A car is out of the question. Even if you can afford one, if the outrageous insurance costs don’t drive you mad the parking will. You’ve heard of double parking? Romans triple park. If you’re ever in Rome and hear a car horn go off for 10 minutes, it’s not stuck. It’s a guy notifying the neighborhood that his car is pinned to the curb by two other parked cars. When the offending motorists comes out to free the other guy’s car, they don’t exchange words. They exchange pleasantries. Forza Roma!

It’s the infernal life in the Eternal City.

Food is the other safeguard. Yes, it’s Italian. Yes, it’s pizza and pasta and cheese and tomato sauce. Throw in some gelato and you think Venice can’t be the only city in Italy that’s sinking. Actually, the food in Italy — the true Italian food — is healthy. The sausage is leaner than any I’ve had in the U.S. The pasta is fresh. The tomatoes have no preservatives. Even the gelato has a third to two-thirds fewer calories than Ben & Jerry’s. The sauces are simple with few ingredients. But each ingredient is special.

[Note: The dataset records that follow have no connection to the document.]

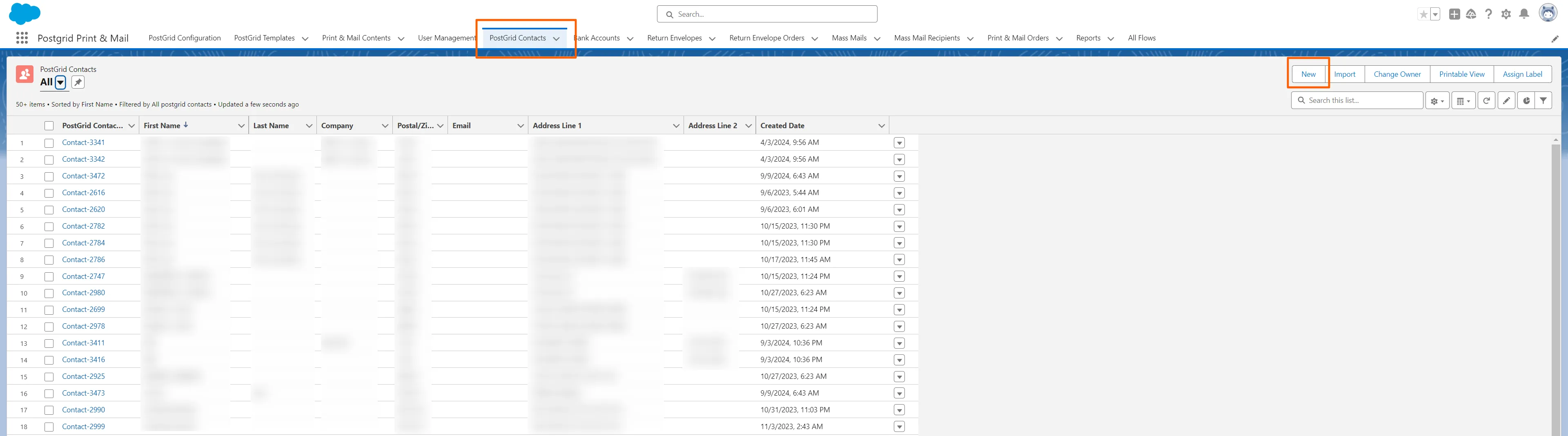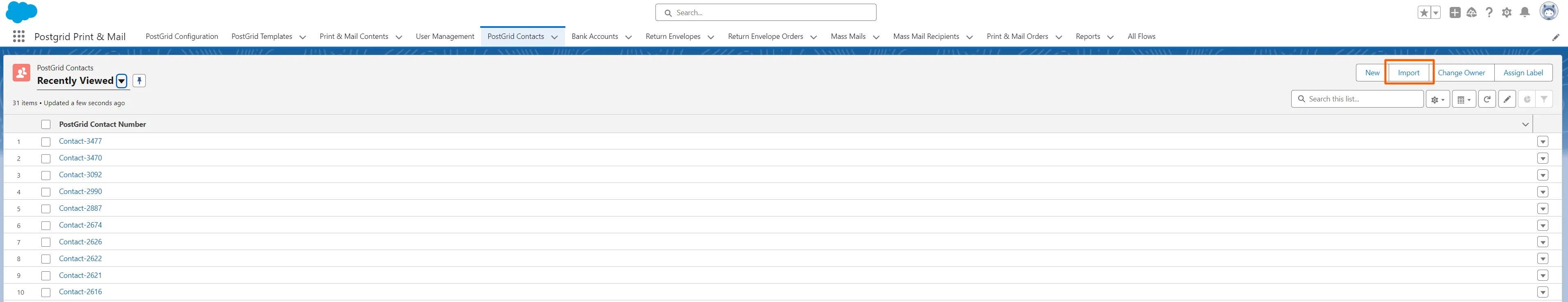 Create and import contacts in the Salesforce PostGrid app to use as recipients for individual or bulk mailings.
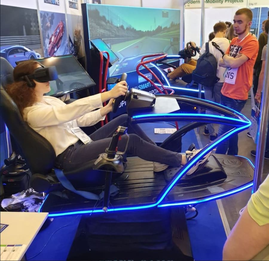 VR-briller gir 3D-visning i 360 grader så du kan se rundt deg når du sitter i den virtuelle bilen. Grafikken er så imponerende at du kan se regndråper på frontruten, solstråler gjennom trær, dessuten kjøre i tåke som gir en spennende opplevelse.
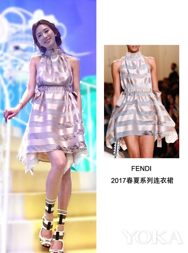 穿上FENDI这身无袖连衣裙,大玩锁骨杀,不规则的裙摆俏皮可爱,头发盘起,释放出随性的美。
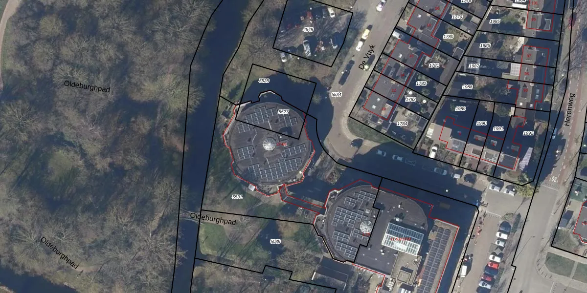 Het perceel waarop De Vuyk 39 staat heeft een oppervlakte van 1812 m². Dit is een zeer groot perceel. De perceeloppervlakte wordt geregistreerd door het Kadaster. Gedetailleerde informatie over de maten van dit perceel kunt u vinden in het rapport Kadastrale kaart met maatvoering van De Vuyk 39.

Last night I made a penne pasta with just two crumbled sausage links, some chopped red bell pepper and three crushed fresh tomatoes. Sprinkled with some parmigiano reggiano, I had a delicious, healthy meal that didn’t make me waddle out of my chair.

Americans don’t know how to do Italian food. The sauces have more ingredients than a jet engine. The massive portions could feed Tuscany. I remember working in Las Vegas and attending a press conference for a touring pro basketball team from Italy. The sponsors had the poor insight of holding at an Olive Garden. The players were disgusted just by the garlic bread. They all ordered plain pasta with tomato sauce.

Basta cosi! (That’s enough).

Consequently, Italians are remarkably fit. A fat person stands out here like a jaguar walking across the Roman Forum. I remember my first stint in Rome I saw an extremely overweight woman walk by me near the Vatican. Curious, I turned and followed her. Then she began to talk. She was an American. I wasn’t surprised.

The Italians have a saying for their being. It’s called La Bella Figura (The Beautiful Form). It’s not just physical. It’s a mentality, a quest to always look your best even when the difficult life in Italy beats you down. Romans can’t afford many clothes but the clothes they buy are top notch. They carry themselves in a way that says they want to be looked at, whether it’s a woman’s stilettos that skip gracefully over 2,000-year-old cobblestones or a man’s scarf he wears even when it’s 60 degrees out.

All Romans aren’t beautiful. But most are fit. I always said Americans have the best-preserved women in the world. A driven independence and fitness centers that fill every afternoon at 5 have provided the U.S. with an ageless species. But two-thirds of the American population remains overweight. Half of those are classified as obese. In Italy, only a third are fat. Combine that with Roman women’s style, Italian fashions and sense of self worth and you have women here who can make Michelangelo’s David even harder than he already is.